2019-07-16 Thread Zeno Endemann
https://bugs.kde.org/show_bug.cgi?id=378904

--- Comment #8 from Zeno Endemann  ---
Oh, and in response to the sentence "If we could assume that all archive
entries have the same encoding, we could only probe the first entry": It would
not make any sense for a zip file to have multiple entries with different
encoding, no one would be able to decompress such a file reliably. So we don't
need to worry about this case and once we have detected an encoding that should
be used for the whole file. But only probing the first entry would be less
reliable, after all character encoding probing gets more reliable the more text
it sees. There needs to be a balance between performance and reliablilty,
that's why I said 30 entries or so.

-- 
You are receiving this mail because:
You are watching all bug changes.

[ark] [Bug 378904] Ark should use charset auto-detection for filenames

2019-07-16 Thread Zeno Endemann
https://bugs.kde.org/show_bug.cgi?id=378904

--- Comment #7 from Zeno Endemann  ---
Right, probing should probably be limited to maybe the first 30 entries or so.

But as it is pretty clear that this auto detection won't always work I'd really
like to have a manual override as well.
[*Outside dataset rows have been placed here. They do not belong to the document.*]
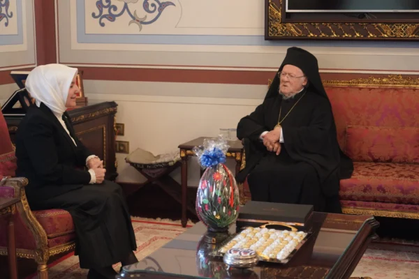Immediately afterwards, His All-Holiness had a cordial meeting with the President of the Institution, Ms Esra Ceceli İslam, who had earlier welcomed him at the entrance of the church and accompanied him to her office.
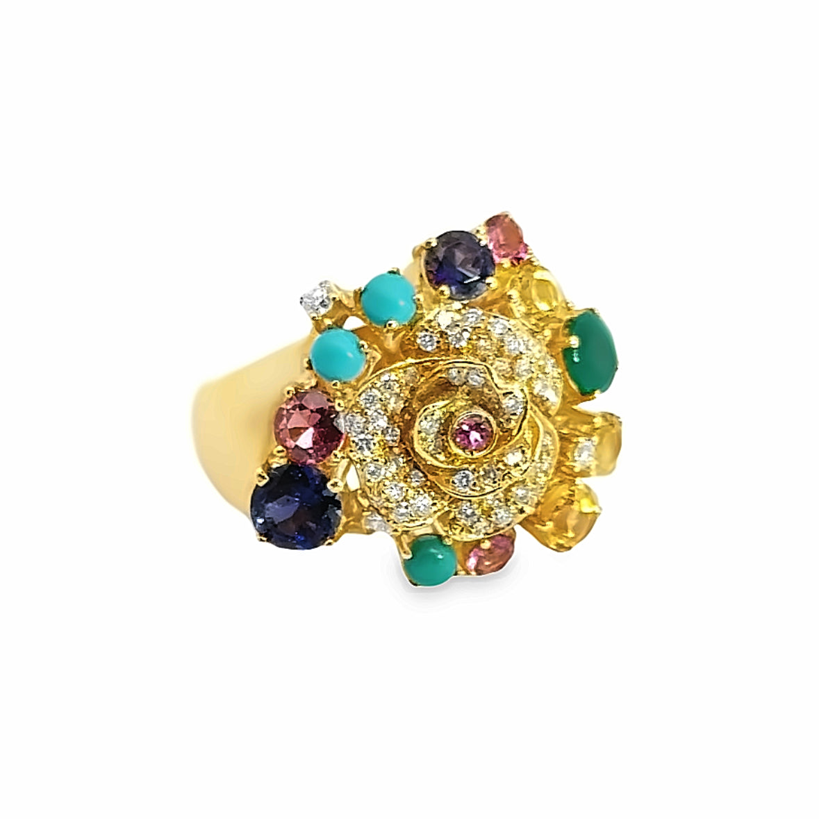Embrace sparkle and color with this charming 18K multi-color 1980's rose-design ring. A true gem that effortlessly embodies charm and invokes joys of the past and fun with every glance.
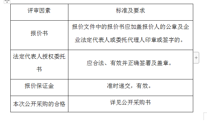 2、评审委员会将根据以下标准对各报价人进行初步评审,有一项不符合要求的,作否决报价处理,不进入详细评审。
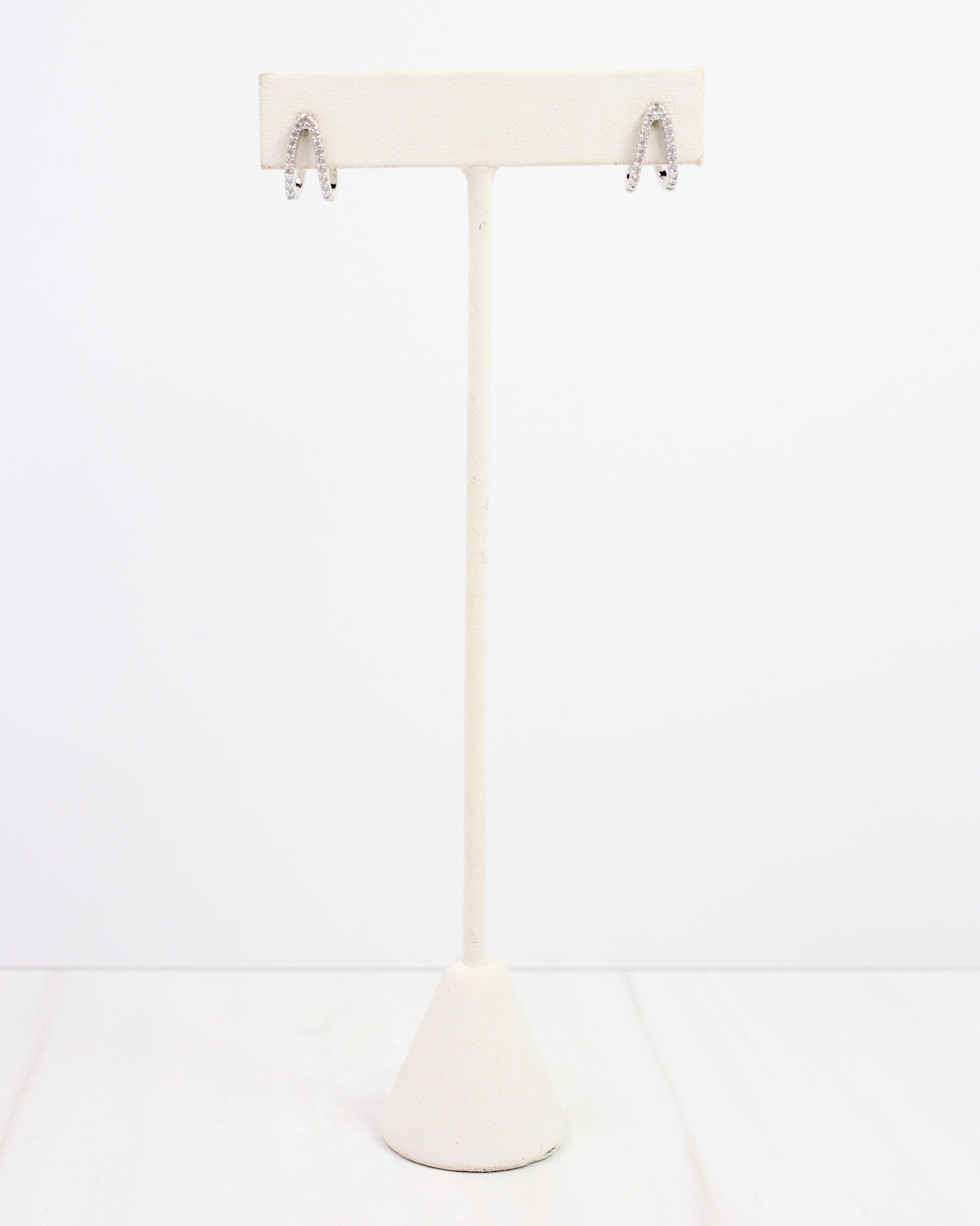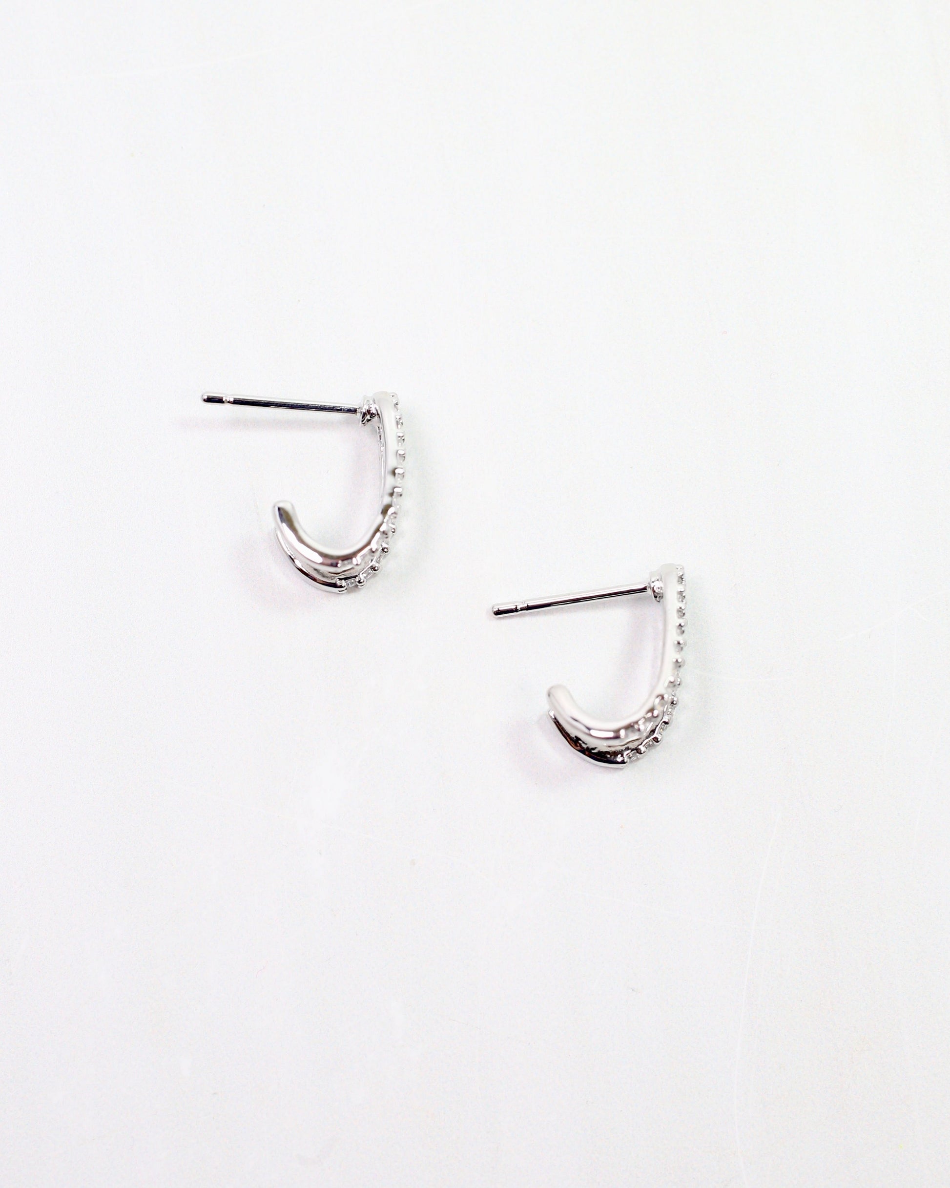 Add a sparkle to your day with the Sissy Huggie Earring in Silver! These pave V-shaped huggies shimmer with dazzling CZ stones set in white gold-dipped metal, making every glance a little more magical.

On the other hand I can definitely
understand not wanting to make the UI more complex for this corner case that
only applies to  the zip format, and there only to files created by legacy
software (does anyone know which programs produce these zip files actually?),
so the best compromise I can come up with is a command line flag (think
"--libzip-plugin-force-char-encoding=SHIFT-JIS").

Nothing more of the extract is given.